I wonder whether my hon. Friend would return to the point that he was making to the hon. Member for South Shields (Dr. Clark). Did I understand the hon. Member for South Shields to say that he was happy for British farmers to receive £50 a tonne for wheat? If so, would my hon. Friend care to explain the input cost of wheat and state whether £50 a tonne would in any way meet the farmers' requirements?
The Australian document—and here I am shooting at the Opposition and the Treasury at the same time—was based on wheat at £50 a tonne. I do not believe that any farmer in the world can grow wheat at £50 a tonne. I am sure that my right hon. Friend the Minister of State will understand that the farmers in his constituency cannot compete with that price either.
To be more precise, can we say that the input costs of growing an acre of cereals in this country are probably between £90 and £100 an acre? Therefore, it is ludicrous to try to produce wheat at £50 a tonne.
I am grateful for that information.
One or two people hanker for the past, but anyone who believes that the Labour party has anything to offer agriculture with wheat at £50 a tonne is seriously mistaken.
My hon. Friend the Member for Workington (Mr. Campbell-Savours) commented on the Minister of State—
The right hon. Gentleman says that this is completely irrelevant. A few minutes ago the Minister of State said that I had said that British farmers could grow wheat at £50 a tonne. That is not true. I have never said that. The Minister of State's statement needs rebutting now. The credence of the comments made by my hon. Friend the Member for Workington have some standing if the Minister of State intervenes and makes allegations that are basically untrue.
Perhaps I can clarify this. The hon. Gentleman is obviously very knowledgeable on these matters. I am afraid that I was not quoting from the secondary source from which I believe the hon. Gentleman is quoting. I was not quoting from the "Economic Progress Report". I was quoting from the original document based on the 1979 figures, which have been updated to 1986. I referred to the figures in the primary document, not to those in the secondary document which the Treasury put out.

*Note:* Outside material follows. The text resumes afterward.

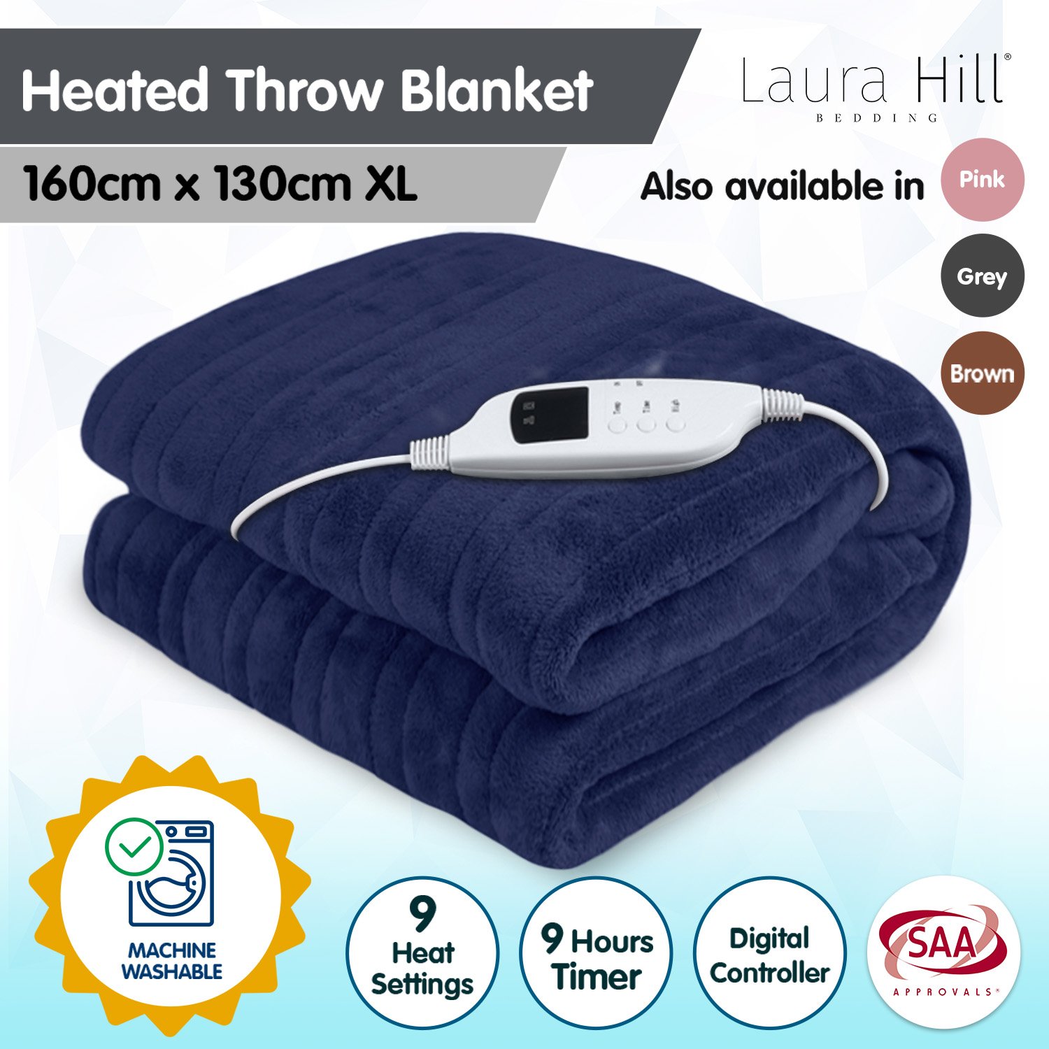 Laura Hill Heated Electric Blanket Coral Warm Fleece Winter Blue

I cannot be responsible for what the Treasury says all the time.
We have established the point that the figure is based on 80 ecu, which is roughly £50 a tonne.
I want to refer to world food production in general. We have reached a point where we are consuming more wheat than we are producing. It is quite possible that by the time some of the penalties are in place we will penalise ourselves and will have reached a serious position of food shortages.

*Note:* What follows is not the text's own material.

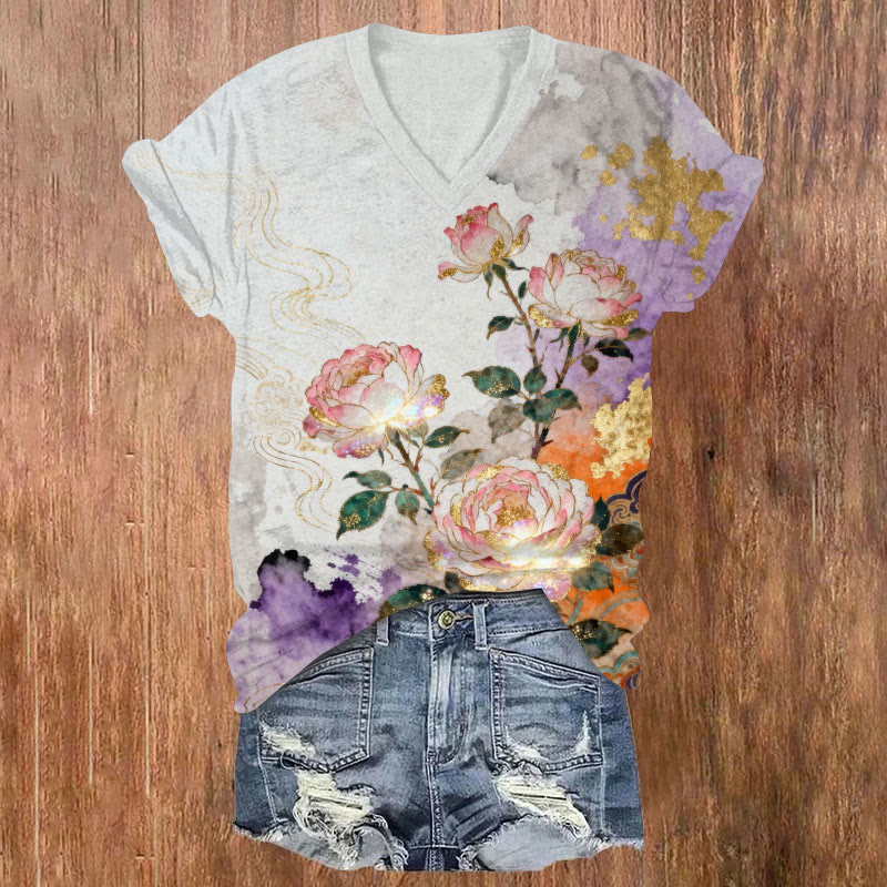 Retro Floral Print Short Sleeved V-Neck T-Shirt

I also want to refer to the damage that this general low food price is having on the Third world. It is all very well for the Geldofs of this world to try to do something about it, but so long as the advanced nations insist on holding agricultural prices down to the present absurdly low levels we will damage indigenous agricultures throughout the world, including the Third world.

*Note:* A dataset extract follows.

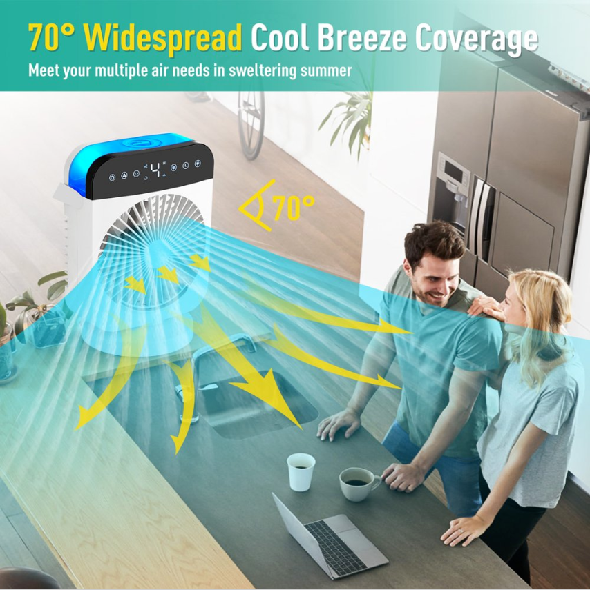 • ❄【Customize Your Breeze with 4 Speeds】The evaporative air cooler fan is designed with 4 wind speeds (Low/Medium/High/Strong).  Wind speed greater than 5m/S, wind distance greater than 4m.  Wind coverage up to 200 sq ft. 90° up and down adjustable air outlet allows blowing the air around you, helping cool you off quickly, which is a good helper to keep cool.
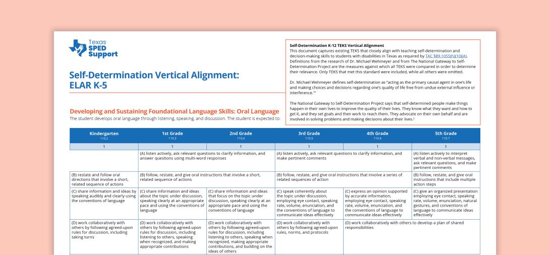 Self-determination skills aligned with the ELAR TEKS for elementary.

I want to explode the myth that food prices are high. They are actually low. In 1979, in Britain, 21·2 per cent. of consumer expenditure was spent on food. We now spend 15·6 per cent. Some 25 per cent. less is spent on food so that we can buy more videos and other goods. I have already said that food prices generally are lagging 2 per cent. behind other prices. That has cost our agriculture industry £17·6 billion since 1979. That money should have been ploughed back into the industry.
If the Government are still not convinced that food is relatively cheap, I remind the Minister of the bottle of water that I gave him some weeks ago. I bought it in this House. It contained a fifth of a litre of English Ashbourne mineral water. I paid 55p for it. If the Minister had bought that bottle full of milk, he would have paid less than 9p for it. If he had been a farmer and had filled it with milk, he would have received 3p. That is a startling revelation of how we are prepared to pay for non-essentials, but not prepared to pay for food. It is impossible to buy a litre of mineral water for less money than one pays for a litre of milk.
The way ahead is obvious. For those commodities that are over-produced we must find a way of effectively restricting production. The sooner that we go over to some form of compulsory set-aside, the better. It is no good fiddling about with these petty little schemes that we have on the stocks at present. We must be serious about this and stop over-producing those commodities that are costing us so much in storage. We must recognise that if we restrict production we must allow prices to rise. If we were to allow prices to rise we could escape from the system of subsidising food. Why not pay for it over the shop counter and stop fiddling about with this awful mess of subsidising? It merely helps an army of bureaucrats and achieves very little.
One thing comes out of the summit. We now recognise that we are in Europe, that we must stay in Europe and that we must make Europe work sensibly. I hope we realise that the uncommon market in which we have been for the past 15 years cannot last. We must make a proper common market, and Britain should be playing her full part in taking serious steps to get us in to a proper common market. The first and most sensible thing that we can do is to join the European monetary system and prove that we are really determined to make Europe work.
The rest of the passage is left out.